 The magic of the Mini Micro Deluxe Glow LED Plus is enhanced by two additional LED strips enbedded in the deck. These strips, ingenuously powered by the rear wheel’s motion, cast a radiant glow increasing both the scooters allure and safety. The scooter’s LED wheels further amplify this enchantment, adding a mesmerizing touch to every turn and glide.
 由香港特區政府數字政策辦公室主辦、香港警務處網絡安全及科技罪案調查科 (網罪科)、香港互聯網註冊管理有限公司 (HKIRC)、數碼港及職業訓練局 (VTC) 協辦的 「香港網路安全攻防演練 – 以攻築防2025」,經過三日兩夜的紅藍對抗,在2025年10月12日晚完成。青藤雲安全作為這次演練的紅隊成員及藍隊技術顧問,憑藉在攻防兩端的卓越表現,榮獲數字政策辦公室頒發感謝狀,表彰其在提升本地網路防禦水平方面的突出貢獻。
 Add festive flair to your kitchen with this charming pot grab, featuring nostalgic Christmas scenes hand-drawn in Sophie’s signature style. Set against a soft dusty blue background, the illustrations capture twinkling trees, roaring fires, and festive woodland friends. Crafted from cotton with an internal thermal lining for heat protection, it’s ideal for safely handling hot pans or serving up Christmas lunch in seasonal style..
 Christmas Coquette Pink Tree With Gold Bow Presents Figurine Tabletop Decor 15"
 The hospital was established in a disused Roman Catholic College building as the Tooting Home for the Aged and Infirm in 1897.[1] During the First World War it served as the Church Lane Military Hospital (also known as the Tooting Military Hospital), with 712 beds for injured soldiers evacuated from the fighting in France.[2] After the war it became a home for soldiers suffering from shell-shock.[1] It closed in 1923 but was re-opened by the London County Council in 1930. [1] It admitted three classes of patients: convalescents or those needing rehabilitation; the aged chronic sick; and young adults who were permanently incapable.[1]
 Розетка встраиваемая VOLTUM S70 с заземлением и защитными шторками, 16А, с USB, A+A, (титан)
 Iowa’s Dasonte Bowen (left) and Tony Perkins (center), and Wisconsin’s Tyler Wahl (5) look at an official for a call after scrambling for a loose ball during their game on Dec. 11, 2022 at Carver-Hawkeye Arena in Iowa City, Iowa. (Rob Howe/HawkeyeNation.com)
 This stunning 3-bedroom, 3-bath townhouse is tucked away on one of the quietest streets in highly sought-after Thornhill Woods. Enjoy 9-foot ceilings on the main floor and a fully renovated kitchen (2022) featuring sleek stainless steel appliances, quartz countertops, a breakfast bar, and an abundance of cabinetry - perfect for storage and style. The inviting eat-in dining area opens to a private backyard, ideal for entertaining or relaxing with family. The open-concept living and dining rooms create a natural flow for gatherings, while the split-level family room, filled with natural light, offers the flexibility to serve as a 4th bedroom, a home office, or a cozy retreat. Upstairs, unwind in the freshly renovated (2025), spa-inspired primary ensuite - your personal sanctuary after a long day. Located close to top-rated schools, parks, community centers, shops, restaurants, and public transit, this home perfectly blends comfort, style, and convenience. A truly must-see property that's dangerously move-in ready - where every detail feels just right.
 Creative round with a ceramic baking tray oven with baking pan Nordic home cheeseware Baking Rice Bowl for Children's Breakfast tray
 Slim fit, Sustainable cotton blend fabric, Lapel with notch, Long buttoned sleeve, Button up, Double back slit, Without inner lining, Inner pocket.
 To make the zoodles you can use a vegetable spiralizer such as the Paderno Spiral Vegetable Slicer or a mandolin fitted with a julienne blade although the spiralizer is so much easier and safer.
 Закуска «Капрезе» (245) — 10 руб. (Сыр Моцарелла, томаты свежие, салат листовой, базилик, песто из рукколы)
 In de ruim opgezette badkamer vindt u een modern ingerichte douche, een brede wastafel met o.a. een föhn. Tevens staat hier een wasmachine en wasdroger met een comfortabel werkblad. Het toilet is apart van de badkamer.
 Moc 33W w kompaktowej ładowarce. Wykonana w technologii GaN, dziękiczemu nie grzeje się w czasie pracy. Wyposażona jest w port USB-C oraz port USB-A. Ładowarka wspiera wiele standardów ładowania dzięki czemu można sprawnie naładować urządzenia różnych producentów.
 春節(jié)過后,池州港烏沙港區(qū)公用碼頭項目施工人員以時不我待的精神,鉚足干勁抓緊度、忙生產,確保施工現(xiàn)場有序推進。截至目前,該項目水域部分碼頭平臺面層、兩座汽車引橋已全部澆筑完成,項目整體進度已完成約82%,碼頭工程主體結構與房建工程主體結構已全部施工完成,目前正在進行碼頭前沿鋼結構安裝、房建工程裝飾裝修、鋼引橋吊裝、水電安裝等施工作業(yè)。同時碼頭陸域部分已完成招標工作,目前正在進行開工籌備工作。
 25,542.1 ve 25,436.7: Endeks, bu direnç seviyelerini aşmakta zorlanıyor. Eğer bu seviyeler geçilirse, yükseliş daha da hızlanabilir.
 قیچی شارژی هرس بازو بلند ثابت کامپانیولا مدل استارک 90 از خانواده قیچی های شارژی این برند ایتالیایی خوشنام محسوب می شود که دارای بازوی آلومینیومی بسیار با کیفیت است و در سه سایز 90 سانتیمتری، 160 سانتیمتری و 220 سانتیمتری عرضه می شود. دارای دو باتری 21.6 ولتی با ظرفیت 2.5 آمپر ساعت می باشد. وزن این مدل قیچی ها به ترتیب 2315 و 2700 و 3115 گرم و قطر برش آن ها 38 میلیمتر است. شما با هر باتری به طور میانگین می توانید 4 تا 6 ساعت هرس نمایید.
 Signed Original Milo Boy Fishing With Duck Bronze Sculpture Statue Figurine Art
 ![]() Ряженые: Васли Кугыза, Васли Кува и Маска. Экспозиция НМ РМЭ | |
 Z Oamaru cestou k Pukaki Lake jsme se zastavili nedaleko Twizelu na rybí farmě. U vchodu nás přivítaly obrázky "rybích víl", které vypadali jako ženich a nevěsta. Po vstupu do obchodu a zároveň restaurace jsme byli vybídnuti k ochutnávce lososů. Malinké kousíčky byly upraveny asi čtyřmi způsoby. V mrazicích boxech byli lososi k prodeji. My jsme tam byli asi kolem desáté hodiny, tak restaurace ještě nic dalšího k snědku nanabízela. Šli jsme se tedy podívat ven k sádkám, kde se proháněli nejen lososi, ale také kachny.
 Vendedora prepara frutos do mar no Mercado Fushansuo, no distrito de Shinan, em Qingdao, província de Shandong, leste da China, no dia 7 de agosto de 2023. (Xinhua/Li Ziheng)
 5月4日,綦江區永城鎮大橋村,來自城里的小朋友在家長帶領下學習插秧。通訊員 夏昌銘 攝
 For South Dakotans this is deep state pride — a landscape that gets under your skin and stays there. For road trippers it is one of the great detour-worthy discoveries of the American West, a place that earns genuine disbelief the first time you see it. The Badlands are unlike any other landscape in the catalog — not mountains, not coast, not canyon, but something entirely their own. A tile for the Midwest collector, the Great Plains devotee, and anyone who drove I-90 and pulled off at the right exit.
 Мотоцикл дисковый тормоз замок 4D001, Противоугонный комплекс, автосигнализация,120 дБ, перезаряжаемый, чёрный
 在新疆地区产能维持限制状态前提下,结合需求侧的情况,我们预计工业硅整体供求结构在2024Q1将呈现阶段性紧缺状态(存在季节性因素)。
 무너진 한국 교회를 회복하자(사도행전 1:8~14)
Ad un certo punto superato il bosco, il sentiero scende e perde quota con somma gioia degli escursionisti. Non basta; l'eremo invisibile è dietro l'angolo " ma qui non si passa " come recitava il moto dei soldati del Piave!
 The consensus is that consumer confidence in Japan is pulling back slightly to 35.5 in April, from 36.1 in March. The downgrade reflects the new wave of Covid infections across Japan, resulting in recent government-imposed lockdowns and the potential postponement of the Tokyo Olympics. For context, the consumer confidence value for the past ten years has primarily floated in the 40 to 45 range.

:::

● **AIM OF THE TASK**
Would you reproduce the full listing shown above, word for word?

● **TASK RESULT**
 The magic of the Mini Micro Deluxe Glow LED Plus is enhanced by two additional LED strips enbedded in the deck. These strips, ingenuously powered by the rear wheel’s motion, cast a radiant glow increasing both the scooters allure and safety. The scooter’s LED wheels further amplify this enchantment, adding a mesmerizing touch to every turn and glide.
 由香港特區政府數字政策辦公室主辦、香港警務處網絡安全及科技罪案調查科 (網罪科)、香港互聯網註冊管理有限公司 (HKIRC)、數碼港及職業訓練局 (VTC) 協辦的 「香港網路安全攻防演練 – 以攻築防2025」,經過三日兩夜的紅藍對抗,在2025年10月12日晚完成。青藤雲安全作為這次演練的紅隊成員及藍隊技術顧問,憑藉在攻防兩端的卓越表現,榮獲數字政策辦公室頒發感謝狀,表彰其在提升本地網路防禦水平方面的突出貢獻。
 Add festive flair to your kitchen with this charming pot grab, featuring nostalgic Christmas scenes hand-drawn in Sophie’s signature style. Set against a soft dusty blue background, the illustrations capture twinkling trees, roaring fires, and festive woodland friends. Crafted from cotton with an internal thermal lining for heat protection, it’s ideal for safely handling hot pans or serving up Christmas lunch in seasonal style..
 Christmas Coquette Pink Tree With Gold Bow Presents Figurine Tabletop Decor 15"
 The hospital was established in a disused Roman Catholic College building as the Tooting Home for the Aged and Infirm in 1897.[1] During the First World War it served as the Church Lane Military Hospital (also known as the Tooting Military Hospital), with 712 beds for injured soldiers evacuated from the fighting in France.[2] After the war it became a home for soldiers suffering from shell-shock.[1] It closed in 1923 but was re-opened by the London County Council in 1930. [1] It admitted three classes of patients: convalescents or those needing rehabilitation; the aged chronic sick; and young adults who were permanently incapable.[1]
 Розетка встраиваемая VOLTUM S70 с заземлением и защитными шторками, 16А, с USB, A+A, (титан)
 Iowa’s Dasonte Bowen (left) and Tony Perkins (center), and Wisconsin’s Tyler Wahl (5) look at an official for a call after scrambling for a loose ball during their game on Dec. 11, 2022 at Carver-Hawkeye Arena in Iowa City, Iowa. (Rob Howe/HawkeyeNation.com)
 This stunning 3-bedroom, 3-bath townhouse is tucked away on one of the quietest streets in highly sought-after Thornhill Woods. Enjoy 9-foot ceilings on the main floor and a fully renovated kitchen (2022) featuring sleek stainless steel appliances, quartz countertops, a breakfast bar, and an abundance of cabinetry - perfect for storage and style. The inviting eat-in dining area opens to a private backyard, ideal for entertaining or relaxing with family. The open-concept living and dining rooms create a natural flow for gatherings, while the split-level family room, filled with natural light, offers the flexibility to serve as a 4th bedroom, a home office, or a cozy retreat. Upstairs, unwind in the freshly renovated (2025), spa-inspired primary ensuite - your personal sanctuary after a long day. Located close to top-rated schools, parks, community centers, shops, restaurants, and public transit, this home perfectly blends comfort, style, and convenience. A truly must-see property that's dangerously move-in ready - where every detail feels just right.
 Creative round with a ceramic baking tray oven with baking pan Nordic home cheeseware Baking Rice Bowl for Children's Breakfast tray
 Slim fit, Sustainable cotton blend fabric, Lapel with notch, Long buttoned sleeve, Button up, Double back slit, Without inner lining, Inner pocket.
 To make the zoodles you can use a vegetable spiralizer such as the Paderno Spiral Vegetable Slicer or a mandolin fitted with a julienne blade although the spiralizer is so much easier and safer.
 Закуска «Капрезе» (245) — 10 руб. (Сыр Моцарелла, томаты свежие, салат листовой, базилик, песто из рукколы)
 In de ruim opgezette badkamer vindt u een modern ingerichte douche, een brede wastafel met o.a. een föhn. Tevens staat hier een wasmachine en wasdroger met een comfortabel werkblad. Het toilet is apart van de badkamer.
 Moc 33W w kompaktowej ładowarce. Wykonana w technologii GaN, dziękiczemu nie grzeje się w czasie pracy. Wyposażona jest w port USB-C oraz port USB-A. Ładowarka wspiera wiele standardów ładowania dzięki czemu można sprawnie naładować urządzenia różnych producentów.
 春節(jié)過后,池州港烏沙港區(qū)公用碼頭項目施工人員以時不我待的精神,鉚足干勁抓緊度、忙生產,確保施工現(xiàn)場有序推進。截至目前,該項目水域部分碼頭平臺面層、兩座汽車引橋已全部澆筑完成,項目整體進度已完成約82%,碼頭工程主體結構與房建工程主體結構已全部施工完成,目前正在進行碼頭前沿鋼結構安裝、房建工程裝飾裝修、鋼引橋吊裝、水電安裝等施工作業(yè)。同時碼頭陸域部分已完成招標工作,目前正在進行開工籌備工作。
 25,542.1 ve 25,436.7: Endeks, bu direnç seviyelerini aşmakta zorlanıyor. Eğer bu seviyeler geçilirse, yükseliş daha da hızlanabilir.
 قیچی شارژی هرس بازو بلند ثابت کامپانیولا مدل استارک 90 از خانواده قیچی های شارژی این برند ایتالیایی خوشنام محسوب می شود که دارای بازوی آلومینیومی بسیار با کیفیت است و در سه سایز 90 سانتیمتری، 160 سانتیمتری و 220 سانتیمتری عرضه می شود. دارای دو باتری 21.6 ولتی با ظرفیت 2.5 آمپر ساعت می باشد. وزن این مدل قیچی ها به ترتیب 2315 و 2700 و 3115 گرم و قطر برش آن ها 38 میلیمتر است. شما با هر باتری به طور میانگین می توانید 4 تا 6 ساعت هرس نمایید.
 Signed Original Milo Boy Fishing With Duck Bronze Sculpture Statue Figurine Art
 ![]() Ряженые: Васли Кугыза, Васли Кува и Маска. Экспозиция НМ РМЭ | |
 Z Oamaru cestou k Pukaki Lake jsme se zastavili nedaleko Twizelu na rybí farmě. U vchodu nás přivítaly obrázky "rybích víl", které vypadali jako ženich a nevěsta. Po vstupu do obchodu a zároveň restaurace jsme byli vybídnuti k ochutnávce lososů. Malinké kousíčky byly upraveny asi čtyřmi způsoby. V mrazicích boxech byli lososi k prodeji. My jsme tam byli asi kolem desáté hodiny, tak restaurace ještě nic dalšího k snědku nanabízela. Šli jsme se tedy podívat ven k sádkám, kde se proháněli nejen lososi, ale také kachny.
 Vendedora prepara frutos do mar no Mercado Fushansuo, no distrito de Shinan, em Qingdao, província de Shandong, leste da China, no dia 7 de agosto de 2023. (Xinhua/Li Ziheng)
 5月4日,綦江區永城鎮大橋村,來自城里的小朋友在家長帶領下學習插秧。通訊員 夏昌銘 攝
 For South Dakotans this is deep state pride — a landscape that gets under your skin and stays there. For road trippers it is one of the great detour-worthy discoveries of the American West, a place that earns genuine disbelief the first time you see it. The Badlands are unlike any other landscape in the catalog — not mountains, not coast, not canyon, but something entirely their own. A tile for the Midwest collector, the Great Plains devotee, and anyone who drove I-90 and pulled off at the right exit.
 Мотоцикл дисковый тормоз замок 4D001, Противоугонный комплекс, автосигнализация,120 дБ, перезаряжаемый, чёрный
 在新疆地区产能维持限制状态前提下,结合需求侧的情况,我们预计工业硅整体供求结构在2024Q1将呈现阶段性紧缺状态(存在季节性因素)。
 무너진 한국 교회를 회복하자(사도행전 1:8~14)
Ad un certo punto superato il bosco, il sentiero scende e perde quota con somma gioia degli escursionisti. Non basta; l'eremo invisibile è dietro l'angolo " ma qui non si passa " come recitava il moto dei soldati del Piave!
 The consensus is that consumer confidence in Japan is pulling back slightly to 35.5 in April, from 36.1 in March. The downgrade reflects the new wave of Covid infections across Japan, resulting in recent government-imposed lockdowns and the potential postponement of the Tokyo Olympics. For context, the consumer confidence value for the past ten years has primarily floated in the 40 to 45 range.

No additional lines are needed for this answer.